Merrill 2007 "Style 7 plus" Harp Guitar
Has physical and visual defects, but you may not find a better sounding instrument at any price.


“One of the finest-sounding harp guitars on the planet” – Sir Gregory

For those newly shopping for harp guitars or who haven’t followed my 14 years of Harp Guitar Music listings and sales, this one has a bit of story. If you’ve been fantasizing for $15k tone and quality, but just can’t afford it, you might find it rewarding to read the whole entry (as you may find you now can afford it!).

The extremely short takeaway:

  • Tone. It's a matter of personal taste. Mine might not be yours. I prefer Dyers, Knutsens – and for modern instruments – Merrills. I’ve been fortunate to have owned 3 Merrills and sold a couple more. I can therefore testify that this is the finest Merrill – and therefore, harp guitar – I have ever experienced (though Merrill #18 and my current #1 are close enough).

  • The inner arm was damaged in shipping when brand new and sold for that reason. It later received a bunch of significant, lengthy “cold-checking” cracks in the finish (not in the wood) from an unforeseen temperature change.

  • While the defects are visible and noticeable, they in no way affect the tone or stability of the instrument. In fact, the instrument remains beautiful and stunning, the second-fanciest of any Jim Merrill has made.

  • Ergo, while it would cost $15,000 to buy the equivalent today (and good luck ordering and receiving one quickly), this one is half that. And available now. With guaranteed mojo.

Like any fine acoustic instrument, it needs to be heard in person to be fully appreciated. You can hear recordings of it played by the current owner on his original song here, and you can hear it on two of my Norwegian Wood tracks: #13 and #24. And it’s the instrument played by Andy Wahlberg on my Harp Guitar Dreams compilation! In my opinion, none of the recordings fully capture it. Prospective buyers please familiarize yourself with all specifications below; this, like a vintage Dyer, has a wider neck than many modern instruments.

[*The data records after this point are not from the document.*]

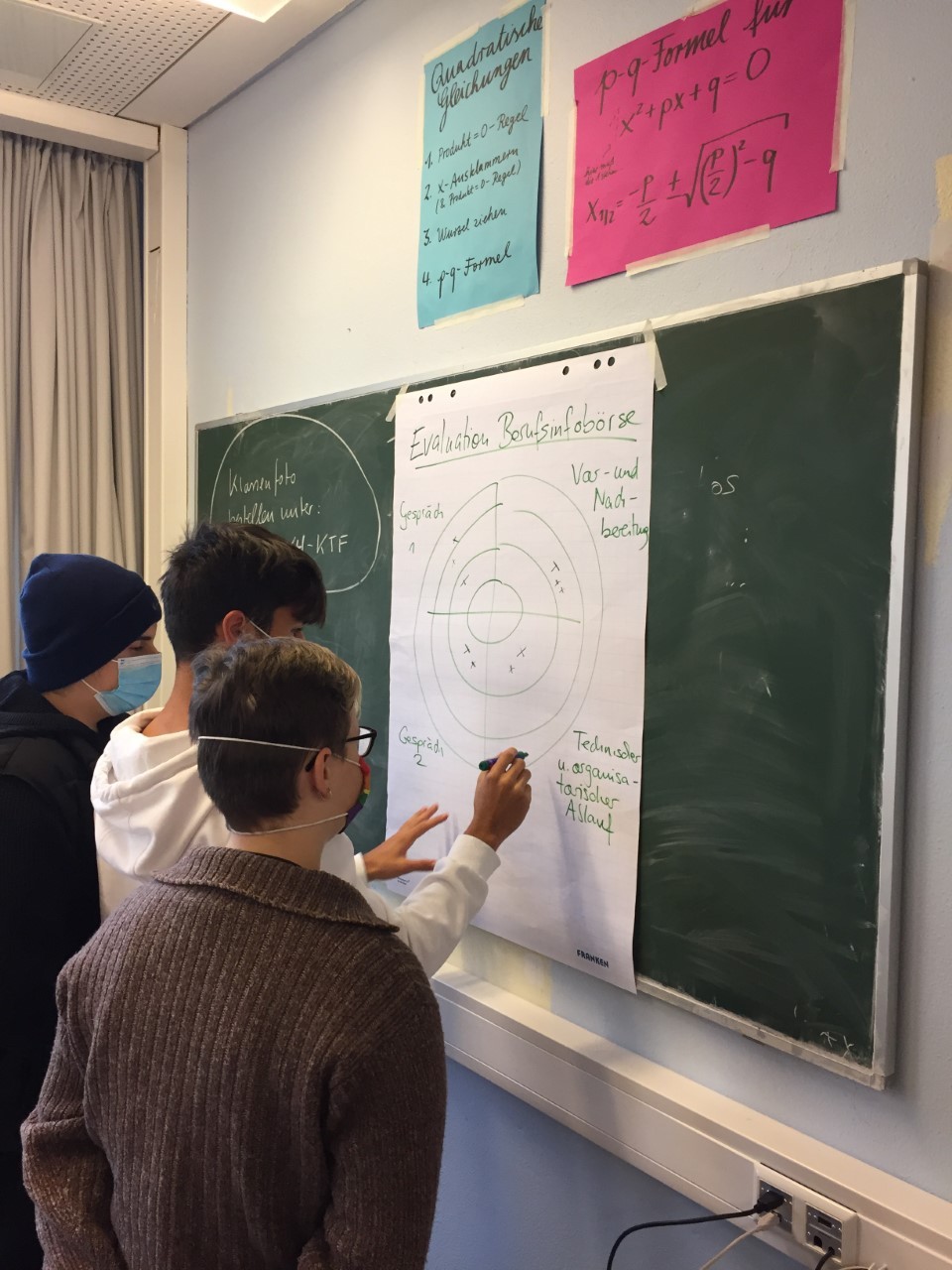 Durch dieses Format kam es zu einem sehr intensiven Austausch, einige Gruppen wünschten sich noch mehr Zeit, so angeregt verlief manch eine Unterhaltung über einen klassischen Arbeitstag, Fähigkeiten, die man mitbringen sollte oder bestmögliche Ausbildungswege. Positiv wahrgenommen wurde insbesondere die Interaktion: Die Jugendlichen hatten sich im Unterricht umfangreich vorbereitet und konnten viele Fragen stellen. Aber auch die Beratenden gingen sehr auf die jungen Menschen ein, stellten Rückfragen und versuchten individuelle Ratschläge zu geben. Dies sei in der Form sehr besonders gewesen und ein Unterschied zu den üblichen Ausbildungsmessen, so das Feedback einiger erfahrener Beraterinnen und Berater. Und die Schüler schienen dies ähnlich wahrgenommen zu haben. So schrieb ein 10.-Klässler auf seine Feedbackkarte „Man konnte einfach ALLES fragen.“
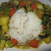 土豆、鸡肉、芹菜、洋葱、鲜蘑菇、咖喱粉。
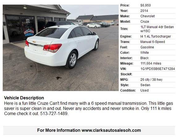 Here is a fun little Cruze Can’t find many with a 6 speed manual transmission. This little gas saver is super clean in and out. Never any accidents and never smoke in. Only 111 k miles Come check it...
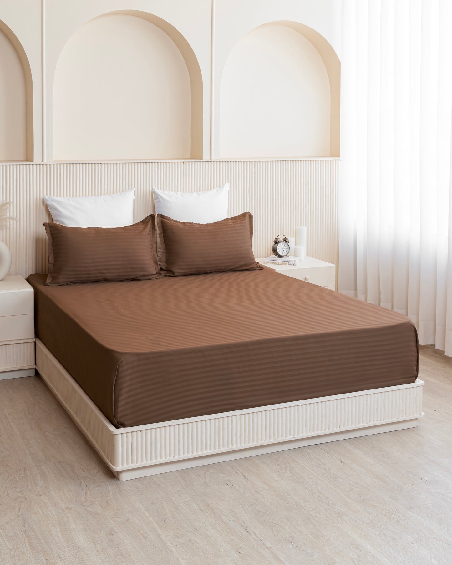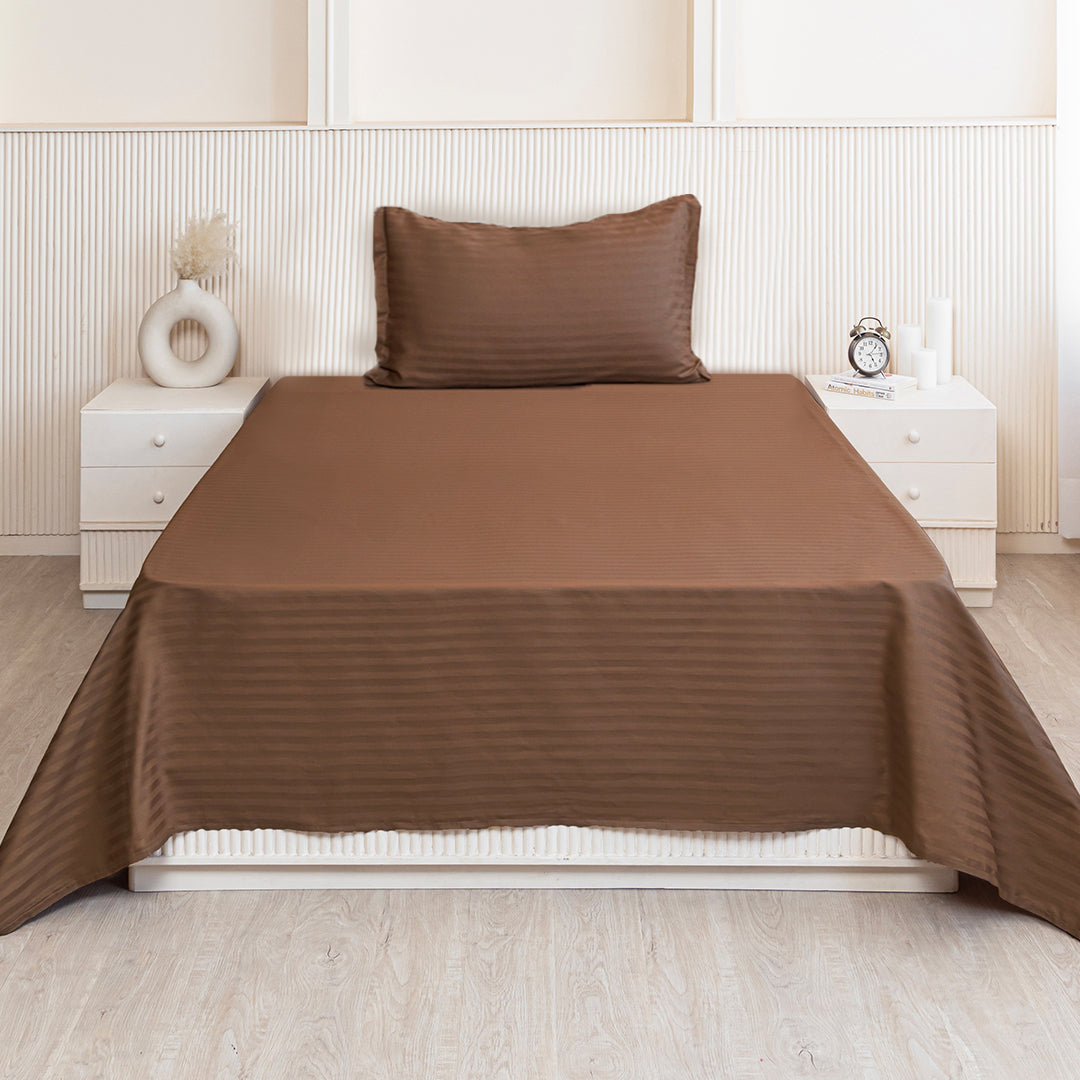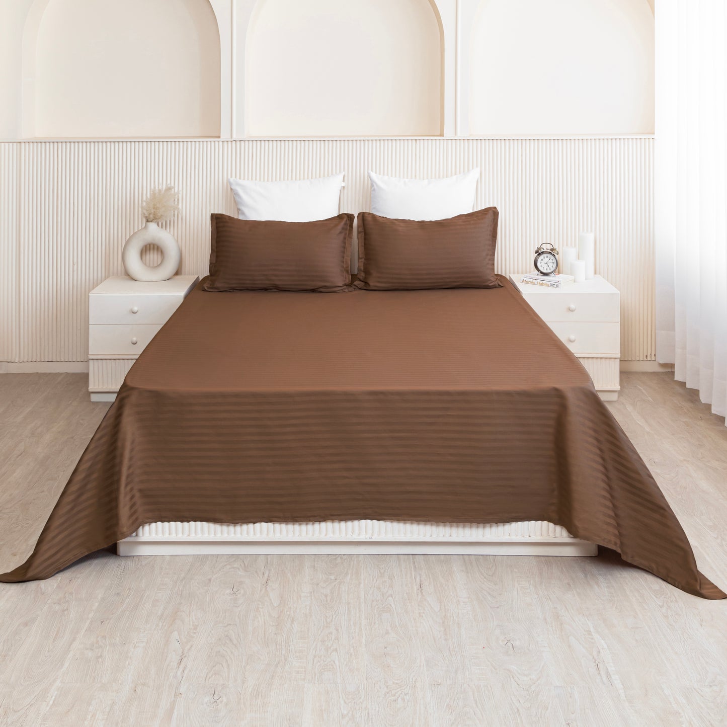 Breton Nap - Satin Stripes Bedsheet (Brown)
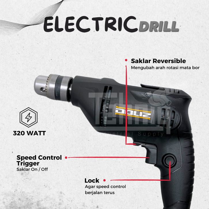 PROMO Mesin Bor Listrik / Bor Tangan DOLIZ BA632 Electric Drill 10 mm Reversible Hand Drill BA 632 ORIGINAL
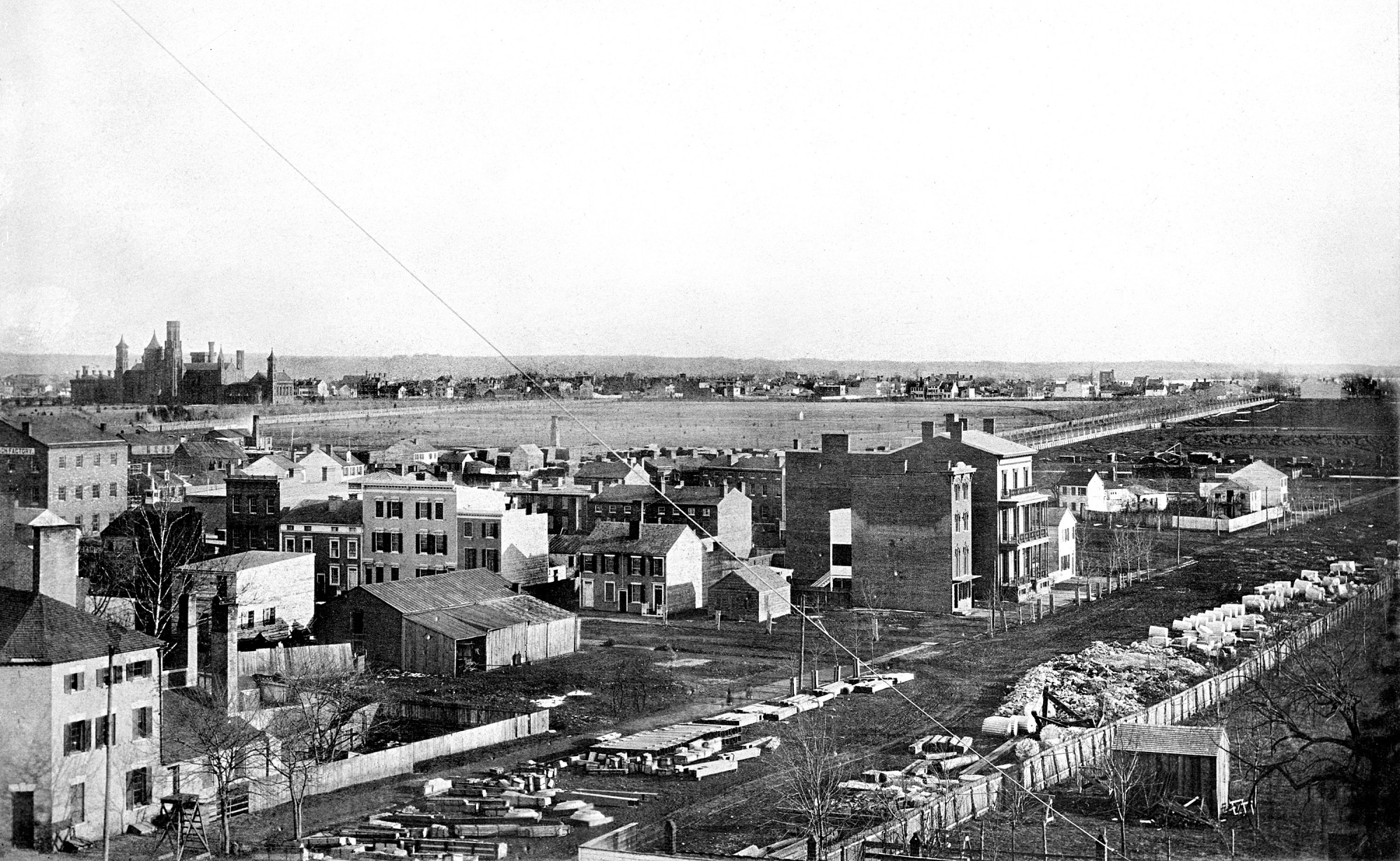 The Smithsonian Institution Building (SIB) seen from downtown Washington, D.C., from across The Mall, around 1855. In the foreground are construction materials along 15th Street, NW for the new wing added in 1855 to the Treasury Building. The Treasury building is the oldest departmental building in Washington, D.C.having been completed in 1842 and expanded three times by 1869. Residential and commercial buildings in the foreground are between 15th and 14th Streets, NW. This area was also known in the 1860s as the red light district called Murder Bay. The canal bordering the Mall before being converted to form Constitution Avenue is the sliver at right center. The white residence at the far left is at the corner of 15th Street and Pennsylvania Avenue, NW.
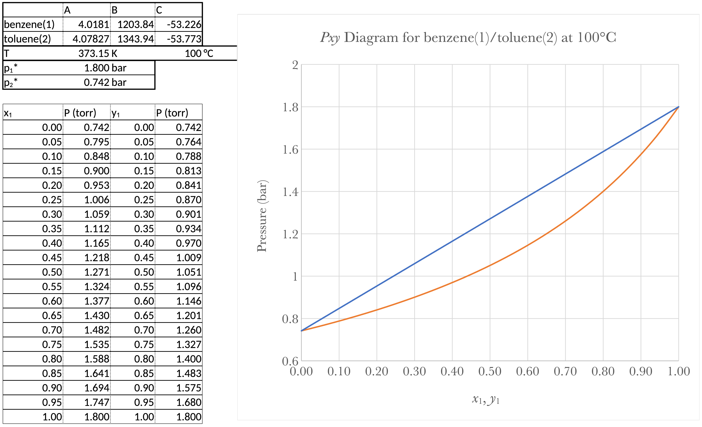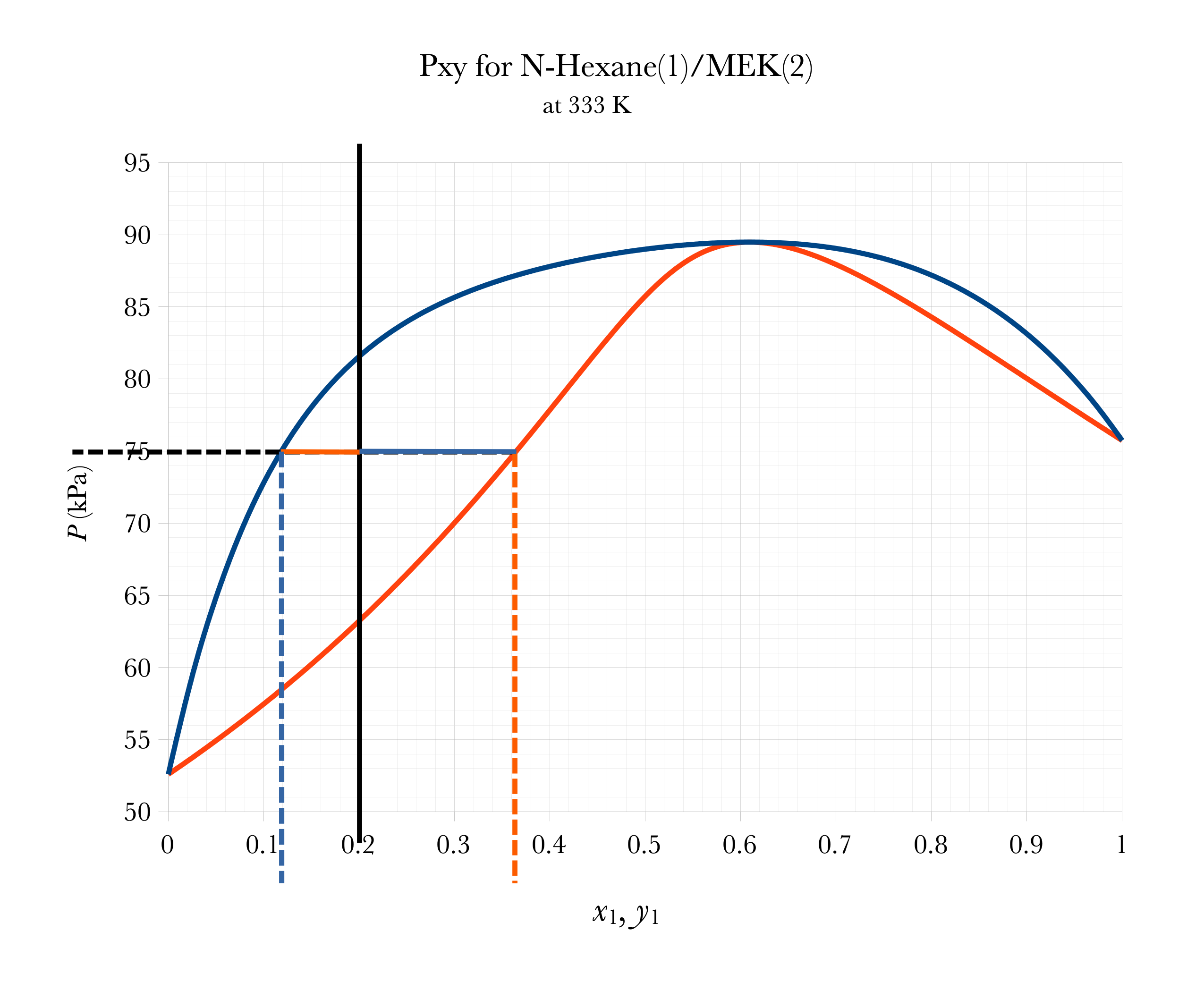 Pick a series of temperatures between \(T_\text{1-bp}\) and \(T_\text{2-bp}\) and calculate \(p_{1}^{*}\) and \(p_{2}^{*}\) and then \(y_1\).
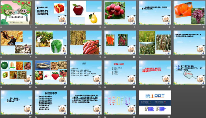 关键词:金色的秋天教学课件,秋天的收获教学课件,人教版二年级上册品德与生活PPT课件下载,二年级品德与生活幻灯片课件下载,金色的秋天PPT课件下载,秋天的收获PPT课件下载,.PPT格式;
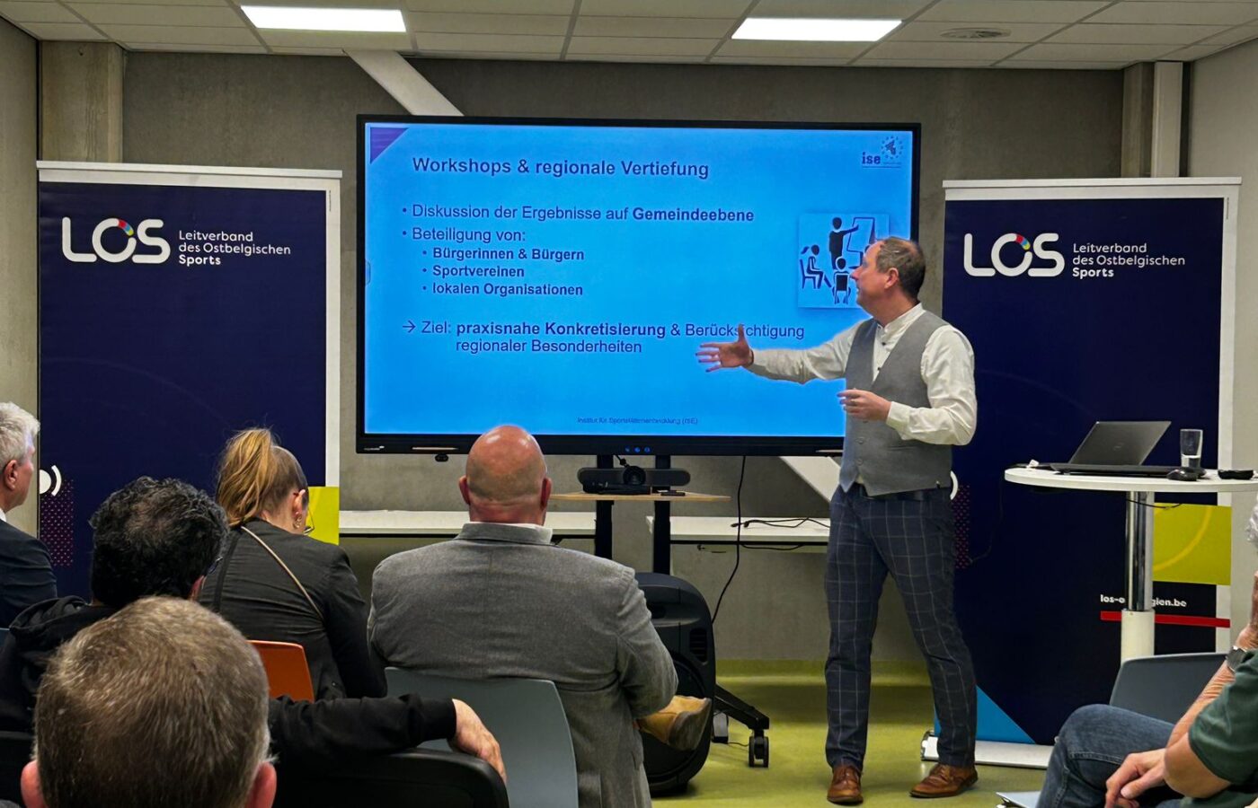 Nach einer kurzen Begrüßung der rund 60 Anwesenden durch Verwaltungsratsmitglied Thomas Pötgen, richtete auch Sportminister Gregor Freches ein paar Worte an die Versammlung. In seinem Beitrag unterstrich er die Bedeutsamkeit der Sportentwicklungsstudie für Ostbelgien und die Vision „Ostbelgien 2040“.

The instrument was finished in 2007 and shipped in a Cedar Creek hard case. Oh, those pesky “accessory compartments”! Case builders forget that the inside of the instrument’s hollow arm is touching the corner of that lightly-padded wooden box – it doesn’t take much of a shock in shipping to thus push on and crack the arm (I’ve seen two Merrills damaged the same way). The arm was decently repaired, after which Andy Wahlberg borrowed it (thus playing it on our 2008 recording). The owner listed it on eBay, where it had no takers (the cracked arm apparently scaring everyone away). I later negotiated with the owner and it wound up in my inventory. That was when I discovered that – not only was the damage something I could easily dismiss (the repair is cleated inside, rock solid, and doesn’t look too terrible outside) – but the instrument was unique, its tone unbelievable. I attributed this to the special attention lavished on it by Jim Merrill, including his first use of Larson-style laminated braces (which he would do only once more, on my later #18 commission).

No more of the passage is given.